*WORK TASK*: From the line below that contains "2018秋季新款百搭寬松開衫中長款外套女V領針織打底裙時尚套裝潮" to the line that contains "Festina Boyfriend Chronograph", repeat every line exactly, both ends included, and nothing else.

*RAW DATA*:
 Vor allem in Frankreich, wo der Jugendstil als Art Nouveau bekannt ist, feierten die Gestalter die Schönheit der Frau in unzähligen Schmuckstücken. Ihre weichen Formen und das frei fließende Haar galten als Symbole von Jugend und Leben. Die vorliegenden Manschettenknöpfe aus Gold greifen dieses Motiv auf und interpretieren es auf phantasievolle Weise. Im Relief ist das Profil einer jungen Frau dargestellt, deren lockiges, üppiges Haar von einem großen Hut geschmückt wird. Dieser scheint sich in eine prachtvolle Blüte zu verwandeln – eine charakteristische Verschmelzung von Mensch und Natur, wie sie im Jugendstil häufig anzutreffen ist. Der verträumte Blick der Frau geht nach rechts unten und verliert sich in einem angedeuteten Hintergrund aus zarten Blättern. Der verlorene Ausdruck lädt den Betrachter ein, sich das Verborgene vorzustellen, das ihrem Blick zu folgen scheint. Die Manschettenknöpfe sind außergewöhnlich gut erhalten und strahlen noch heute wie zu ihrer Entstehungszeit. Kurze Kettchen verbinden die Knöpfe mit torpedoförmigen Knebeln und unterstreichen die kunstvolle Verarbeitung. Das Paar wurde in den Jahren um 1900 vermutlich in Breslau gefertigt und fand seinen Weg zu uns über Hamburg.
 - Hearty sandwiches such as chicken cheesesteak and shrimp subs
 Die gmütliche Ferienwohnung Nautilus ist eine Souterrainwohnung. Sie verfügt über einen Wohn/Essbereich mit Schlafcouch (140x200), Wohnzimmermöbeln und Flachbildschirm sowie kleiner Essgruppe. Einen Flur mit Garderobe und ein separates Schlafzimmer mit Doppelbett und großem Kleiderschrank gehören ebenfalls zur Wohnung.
==
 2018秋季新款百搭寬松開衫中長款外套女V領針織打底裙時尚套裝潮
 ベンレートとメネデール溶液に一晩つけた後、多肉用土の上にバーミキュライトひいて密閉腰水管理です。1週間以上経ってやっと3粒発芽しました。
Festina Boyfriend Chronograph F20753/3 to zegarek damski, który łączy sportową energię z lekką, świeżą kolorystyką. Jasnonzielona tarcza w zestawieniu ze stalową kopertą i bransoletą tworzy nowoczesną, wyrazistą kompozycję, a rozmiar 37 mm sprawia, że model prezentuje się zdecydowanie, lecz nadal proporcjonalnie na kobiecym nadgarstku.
---
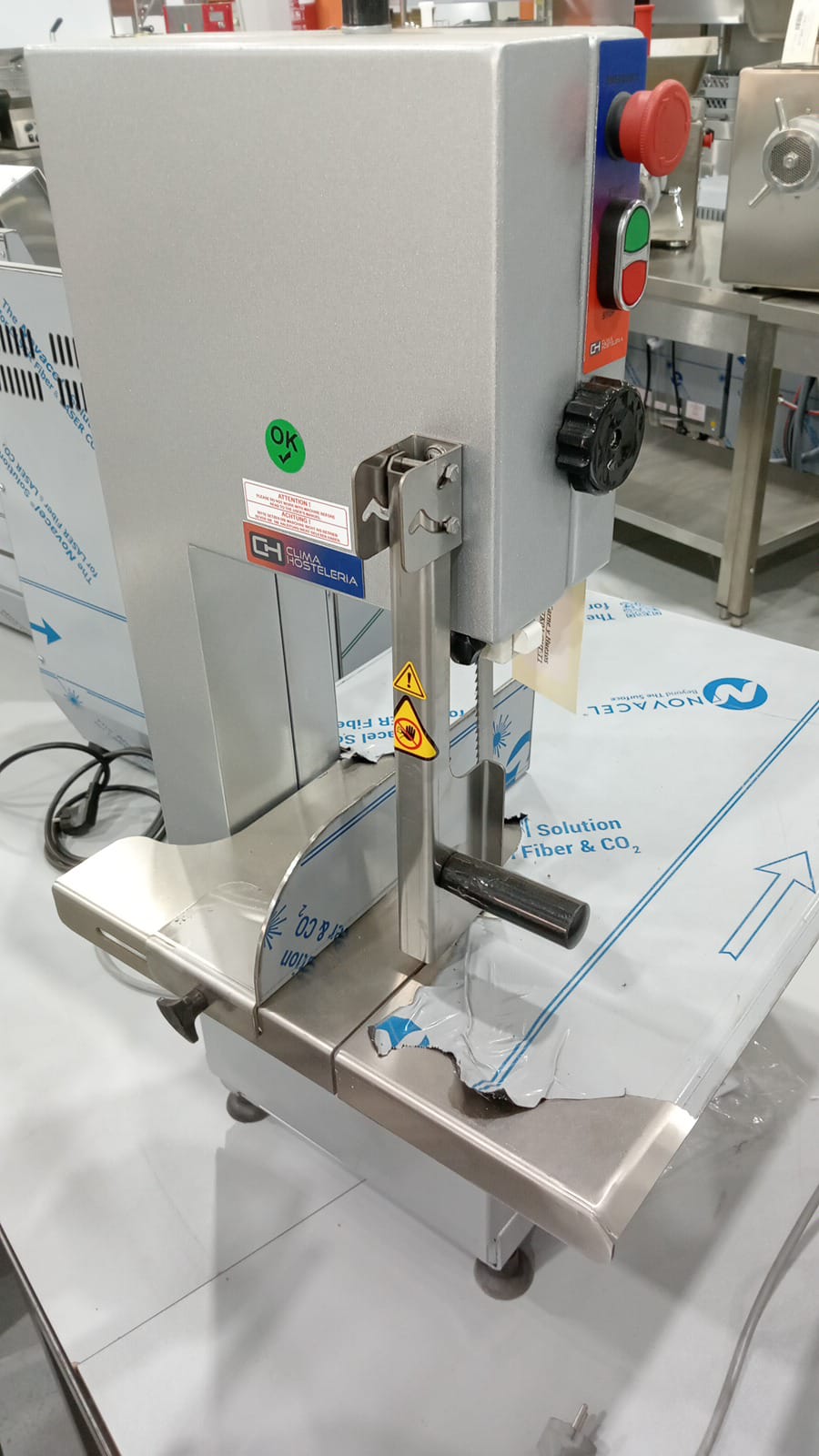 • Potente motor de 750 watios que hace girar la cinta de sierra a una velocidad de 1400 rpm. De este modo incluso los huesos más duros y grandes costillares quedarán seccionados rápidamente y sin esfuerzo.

*OUTPUT BELOW*:
 2018秋季新款百搭寬松開衫中長款外套女V領針織打底裙時尚套裝潮
 ベンレートとメネデール溶液に一晩つけた後、多肉用土の上にバーミキュライトひいて密閉腰水管理です。1週間以上経ってやっと3粒発芽しました。
Festina Boyfriend Chronograph F20753/3 to zegarek damski, który łączy sportową energię z lekką, świeżą kolorystyką. Jasnonzielona tarcza w zestawieniu ze stalową kopertą i bransoletą tworzy nowoczesną, wyrazistą kompozycję, a rozmiar 37 mm sprawia, że model prezentuje się zdecydowanie, lecz nadal proporcjonalnie na kobiecym nadgarstku.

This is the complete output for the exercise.